The new predictors are based on different input features but trained in a similar way as ProQ2. The input features are Rosetta¹⁸ energy terms. Rosetta uses two energy functions: one based on all-atoms (“full-atom” model) and one that uses a simplified centroid side-chain representation (“centroid” model). In general, the all-atom function provided more accurate energies, but the centroid function is useful when an all-atom model is not available or when the model is created using a different force field, since it is less sensitive to exact atomic details. Therefore, we developed two new predictors: one that uses full-atom model (“ProQRosFA”) and one that uses centroid model (“ProQRosCen”). In addition, we developed a third predictor that combines ProQRosFA, ProQRosCen and ProQ2 (“ProQ3”).

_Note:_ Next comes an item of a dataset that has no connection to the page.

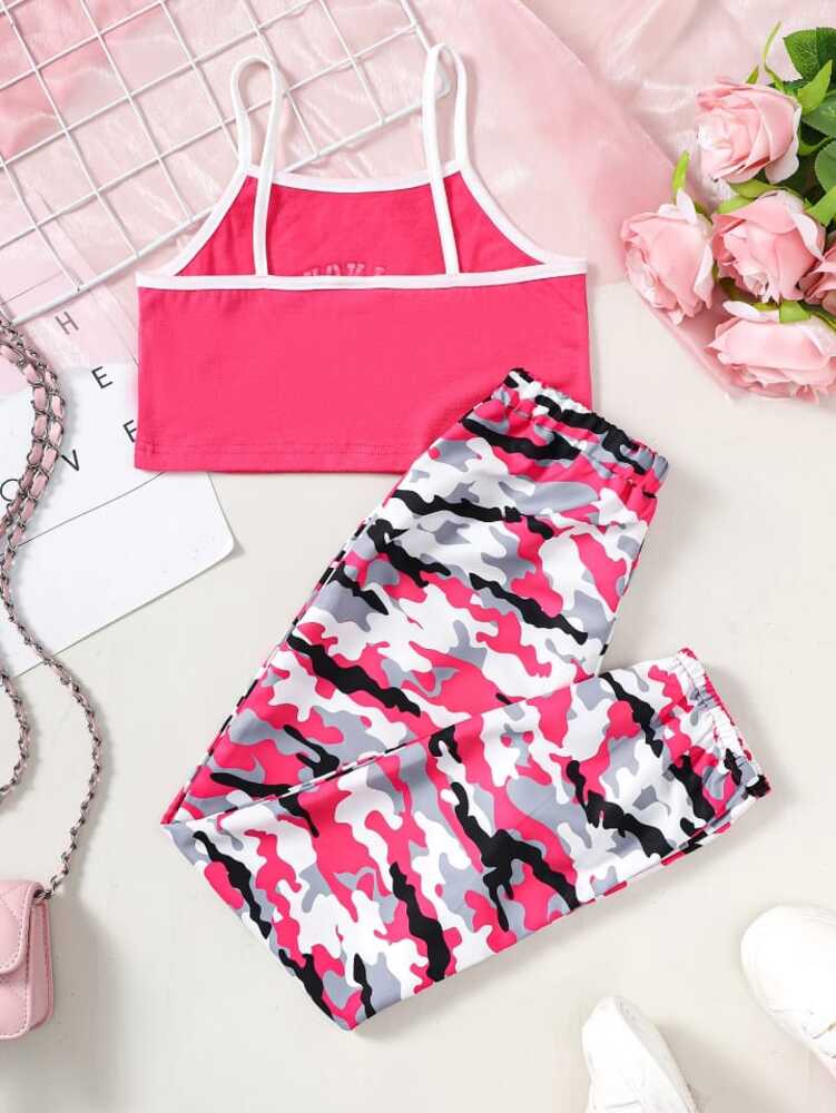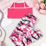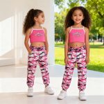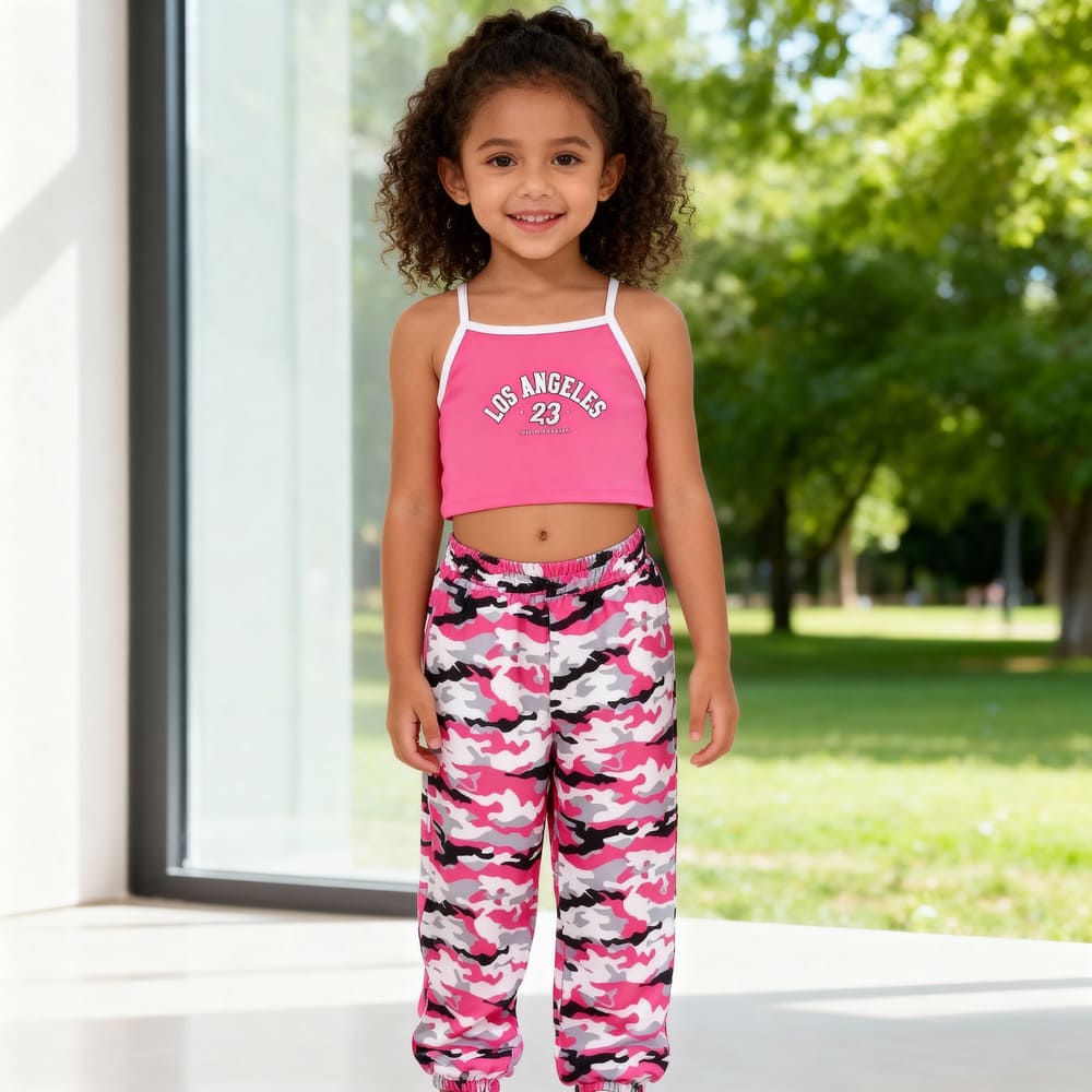 Pink camo-print joggers + matching pink crop top with “Los Angeles 23” print. Sporty, trendy, and perfect for active girls.

The new predictors use the same method to train a linear SVM as was used in ProQ2. Here the quality of each residue is described using the S-score^19,20 and used as a target function. However, the descriptions of the local environment surrounding a residue are completely different in the new predictors.

ProQRosFA input features

For the predictor ProQRosFA, we used “talaris2013” weight set that is currently the default energy function in Rosetta and consists of 16 energy terms that are summed up to form the total Rosetta energy score. First, we examined how well each energy term correlates with the local model quality as measured by our target function (S-score) on the CASP11 data set. A stronger correlation between an input feature and the target function is more useful for the final predictor. Since there are many individual input features, rather than showing the correlation for each individual feature, we grouped them into seven groups and show the correlations for each group:

Van der Waals: fa_atr, fa_rep, fa_intra_rep
Solvation: fa_sol
Electrostatics: fa_elec
Side-chains: pro_close, dslf_fa13, fa_dun, ref
H-bonds (Hydrogen bonds): hbond_sr_bb, hbond_lr_bb, hbond_bb_sc, hbond_sc
Backbone: rama, omega, p_aa_pp
Total-energy-FA: score

The last group (Total-energy-FA) is a sum of all energy terms used in the ProQRosFA predictor with weights taken from the “talaris2013” function. Note that even though we grouped features here for visualising their performance, they were all used separately when training the final SVM.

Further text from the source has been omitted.